Monday, October 31, 2005


Another Google Maps Mashup

Where in the World is Carmen San Diego meets Google Maps to produce Brewster Jennings Protects America. (Thx Slashdot.)


1,000,000 iTunes Videos

One million videos sold on iTunes in under 20 days, according to Reuters via Yahoo News. I'd really like to get the two old Twilight Zones with William Shatner, or the one with Carol Burnett.


Google's Sergey Brin Podcast

ITConversations has recorded a conversation between Sergey Brin of Google and John Battelle author of The Search.


Google Search or Google Ads?

The NYT (registration required) has a piece on Google as a media/ad company.
Those little ads - 12 word snippets of text, linked to topics that users are actually interested in - have turned Google into one of the biggest advertising vehicles the world has ever seen. This year, Google will sell $6.1 billion in ads, nearly double what it sold last year, according to Anthony Noto, an analyst at Goldman Sachs. That is more advertising than is sold by any newspaper chain, magazine publisher or television network. By next year, Mr. Noto said, he expects Google to have advertising revenue of $9.5 billion. That would place it fourth among American media companies in total ad sales after Viacom, the News Corporation and the Walt Disney Company, but ahead of giants including NBC Universal and Time Warner.


HIDDEN behind its simple white pages, Google has already created what it says is one of the most sophisticated artificial intelligence systems ever built. In a fraction of a second, it can evaluate millions of variables about its users and advertisers, correlate them with its potential database of billions of ads and deliver the message to which each user is most likely to respond.

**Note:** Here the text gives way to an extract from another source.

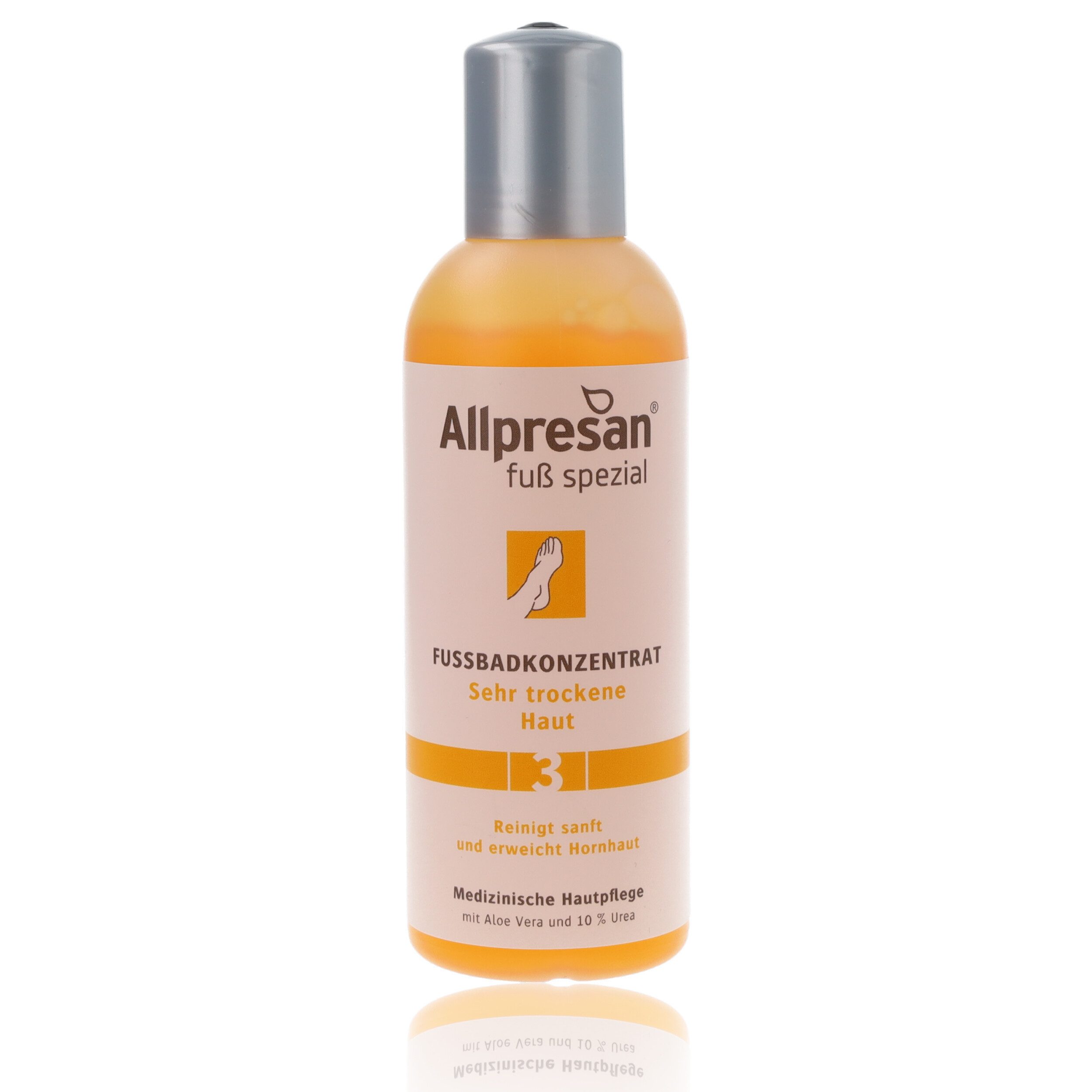 Sehr trockene Haut an den Füßen bedarf zusätzlicher Pflege. Dabei können Fußbäder eine wichtige Rolle spielen, denn gut gepflegte Füße sind widerstandsfähiger gegen bakterielle Infektionen und Fußpilz. Das Allpresan Fuß spezial Nr. 3 Fußbadkonzentrat mit 10% Urea und Aloe Vera ist speziell abgestimmt auf die Bedürfnisse sehr trockener Haut. Es reinigt die Haut an den Füßen mild und pflegend. Die Haut wird sanft durchfeuchtet. Hornhaut, Schwielen und Hühneraugen lassen sich leichter entfernen.

"If we can figure out a way to improve the quality of ads on television with ads that have real value for end-users, we should do it," he said. While he is watching television, for example, "Why do I see women's clothing ads?" he said. "Why don't I see just men's clothing ads?"
So there we have it! Google plans to manage TV ads.


Turing's Cathedral

John Batelle pointed me to George Dyson's essay on Google, entitled, "Turing's Cathedral." Here is the full text. Here is the intro:
My visit to Google? Despite the whimsical furniture and other toys, I felt I was entering a 14th-century cathedral — not in the 14th century but in the 12th century, while it was being built. Everyone was busy carving one stone here and another stone there, with some invisible architect getting everything to fit. The mood was playful, yet there was a palpable reverence in the air. "We are not scanning all those books to be read by people," explained one of my hosts after my talk. "We are scanning them to be read by an AI."
I wish I could write images like that. The piece is a great read. Enjoy!

Sunday, October 30, 2005


Two Big Surprises

Which state has the highest rate of computers in the home? Massachusetts (MIT)? California (Silicon Valley)?

Nope. Utah.

Which state is the most connected? Virginia (AOL)? Washington (Microsoft)?

Nope. Alaska

See this census report in the Deseret News.

Friday, October 28, 2005


Speaker of the House Blog!


The Recombinant Web

I love this soundbyte of the Services Oriented Architecture Web 2.0 world we are moving to. See blog entry by Phil Windley.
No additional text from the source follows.